Data records:
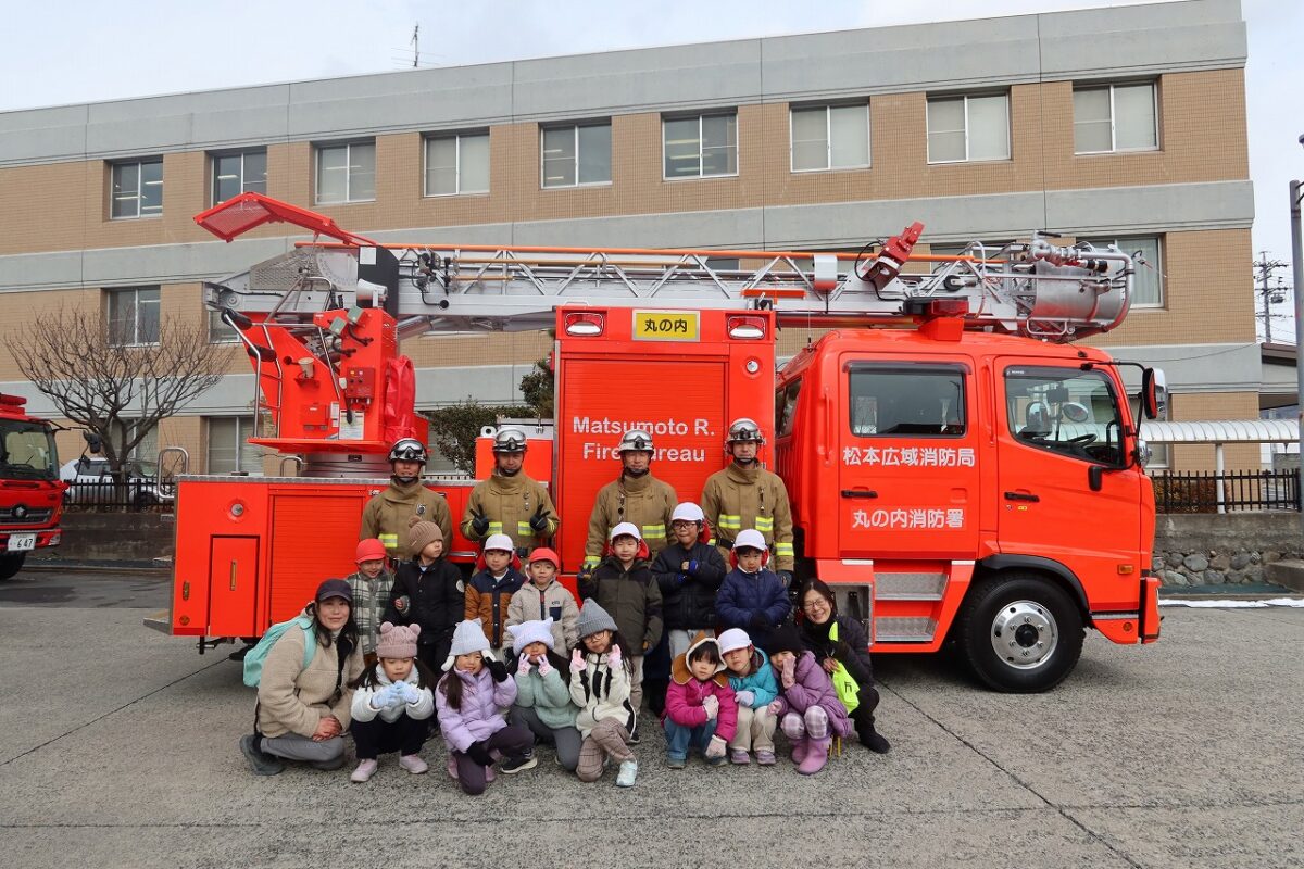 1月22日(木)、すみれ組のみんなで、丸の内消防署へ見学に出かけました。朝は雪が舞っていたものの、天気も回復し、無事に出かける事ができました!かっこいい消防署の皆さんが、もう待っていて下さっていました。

---

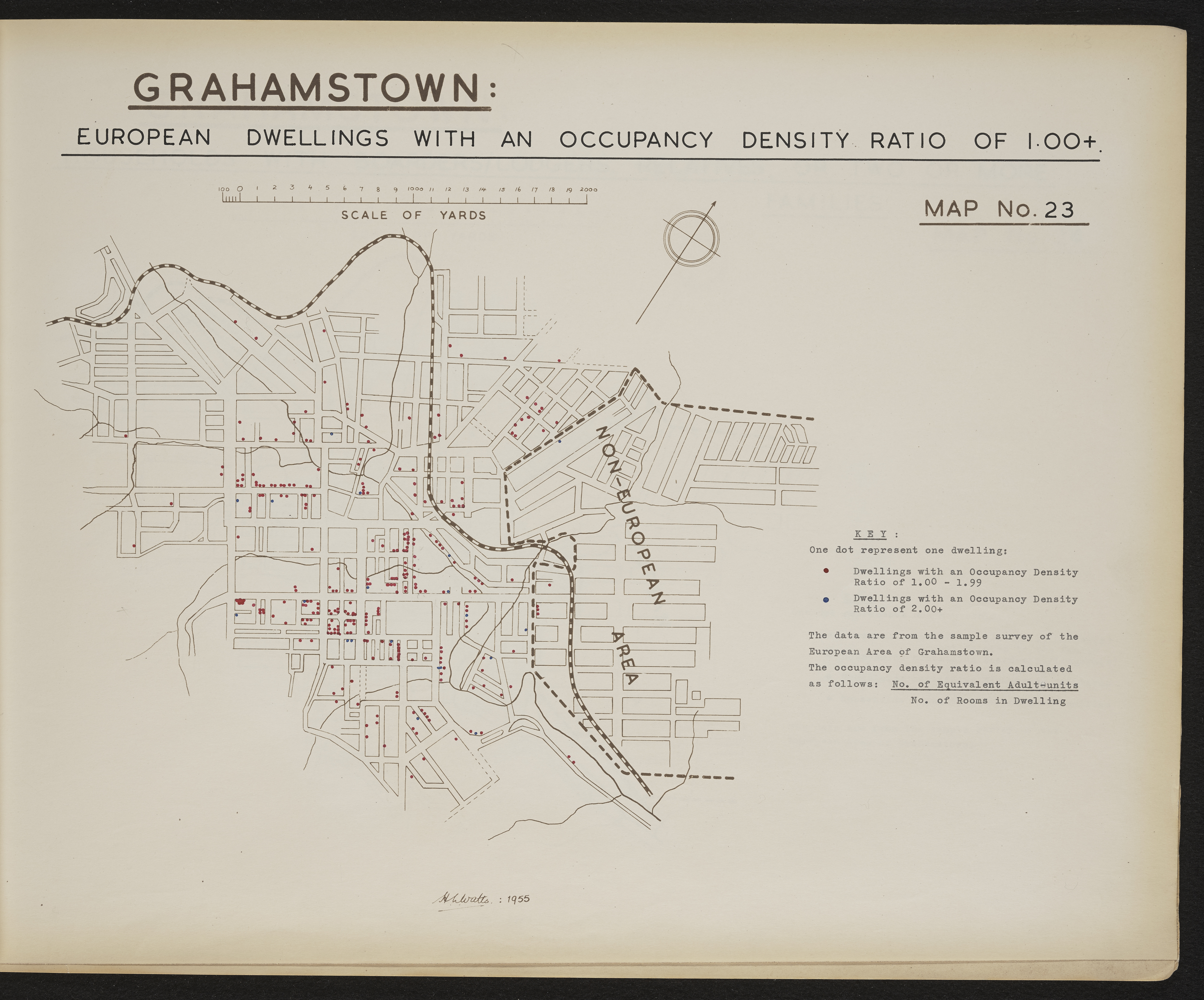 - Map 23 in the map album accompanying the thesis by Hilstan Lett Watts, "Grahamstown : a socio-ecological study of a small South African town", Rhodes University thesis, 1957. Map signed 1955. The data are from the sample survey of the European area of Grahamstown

* * *

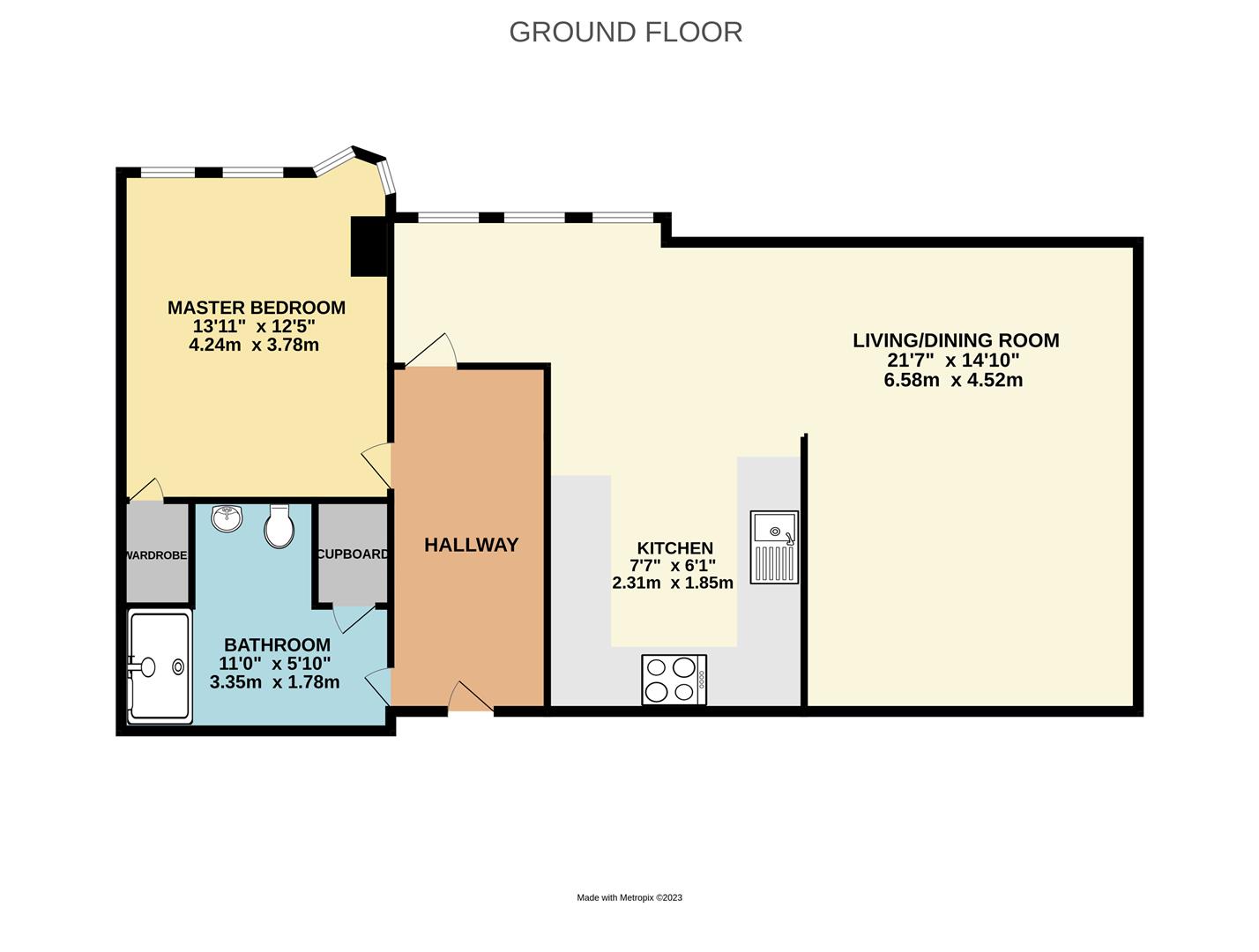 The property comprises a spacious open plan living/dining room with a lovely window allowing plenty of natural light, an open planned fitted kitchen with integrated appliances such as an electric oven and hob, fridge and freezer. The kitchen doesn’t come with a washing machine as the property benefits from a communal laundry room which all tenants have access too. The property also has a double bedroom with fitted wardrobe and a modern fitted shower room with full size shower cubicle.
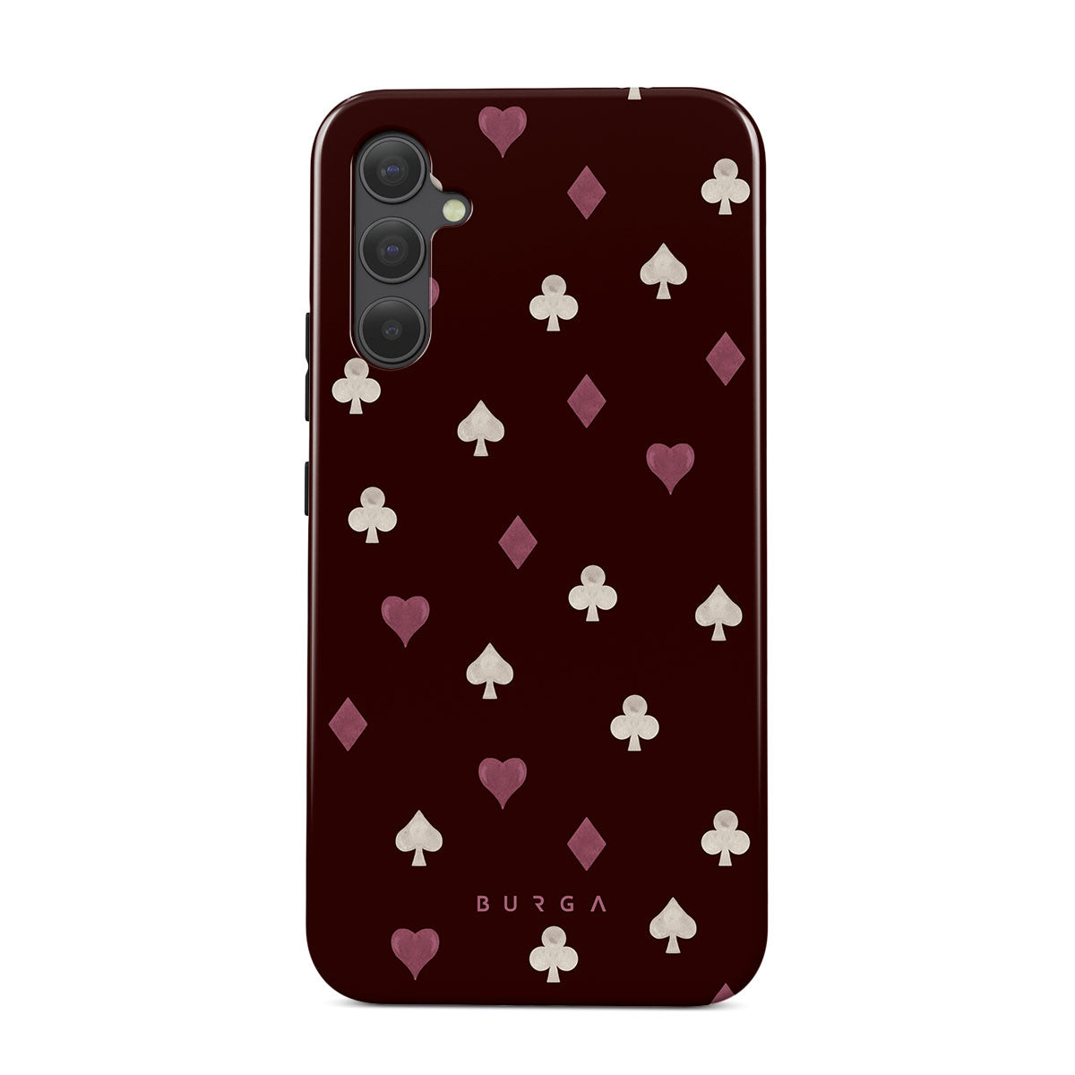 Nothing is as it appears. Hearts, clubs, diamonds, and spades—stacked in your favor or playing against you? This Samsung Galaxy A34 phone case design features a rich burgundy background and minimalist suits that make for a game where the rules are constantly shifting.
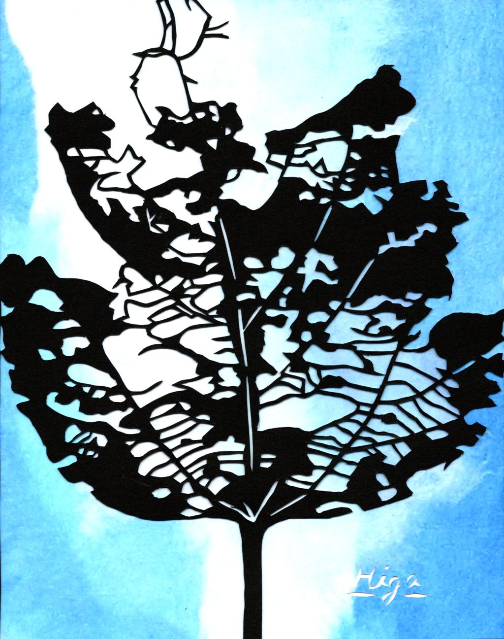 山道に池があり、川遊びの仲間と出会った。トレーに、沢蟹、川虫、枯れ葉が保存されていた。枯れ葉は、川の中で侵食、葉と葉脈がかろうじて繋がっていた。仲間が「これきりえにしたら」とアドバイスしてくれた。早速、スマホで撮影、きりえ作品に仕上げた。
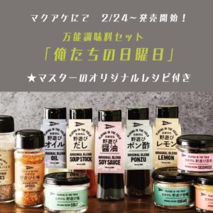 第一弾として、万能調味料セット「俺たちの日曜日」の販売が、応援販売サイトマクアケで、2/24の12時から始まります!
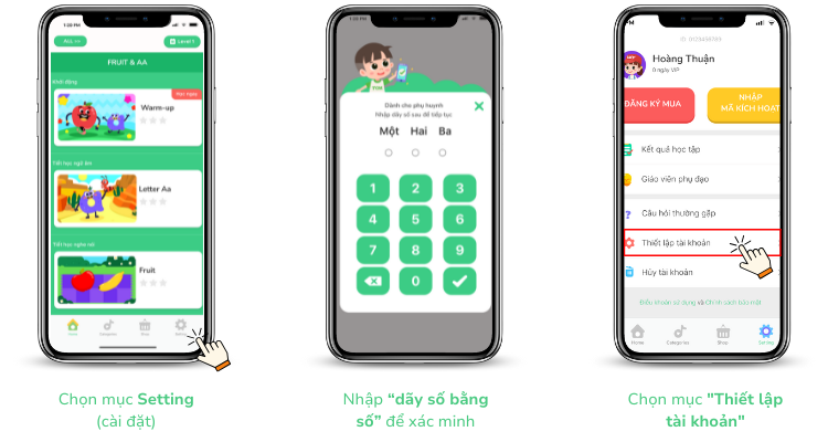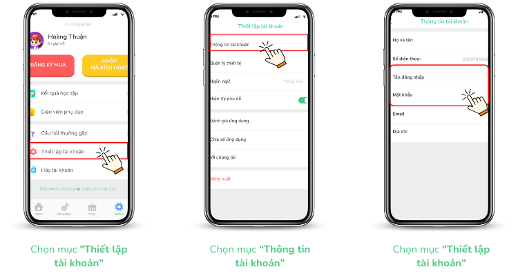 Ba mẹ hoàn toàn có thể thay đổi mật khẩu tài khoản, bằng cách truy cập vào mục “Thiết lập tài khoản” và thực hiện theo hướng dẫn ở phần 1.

Problem: Skipping the pictures, print the lines in the listing above exactly as written, starting at the line with "山道に池があり、川遊びの仲間" and ending at the line with "Ba mẹ hoàn toàn", both included.

Answer space:
 山道に池があり、川遊びの仲間と出会った。トレーに、沢蟹、川虫、枯れ葉が保存されていた。枯れ葉は、川の中で侵食、葉と葉脈がかろうじて繋がっていた。仲間が「これきりえにしたら」とアドバイスしてくれた。早速、スマホで撮影、きりえ作品に仕上げた。
 第一弾として、万能調味料セット「俺たちの日曜日」の販売が、応援販売サイトマクアケで、2/24の12時から始まります!
 Ba mẹ hoàn toàn có thể thay đổi mật khẩu tài khoản, bằng cách truy cập vào mục “Thiết lập tài khoản” và thực hiện theo hướng dẫn ở phần 1.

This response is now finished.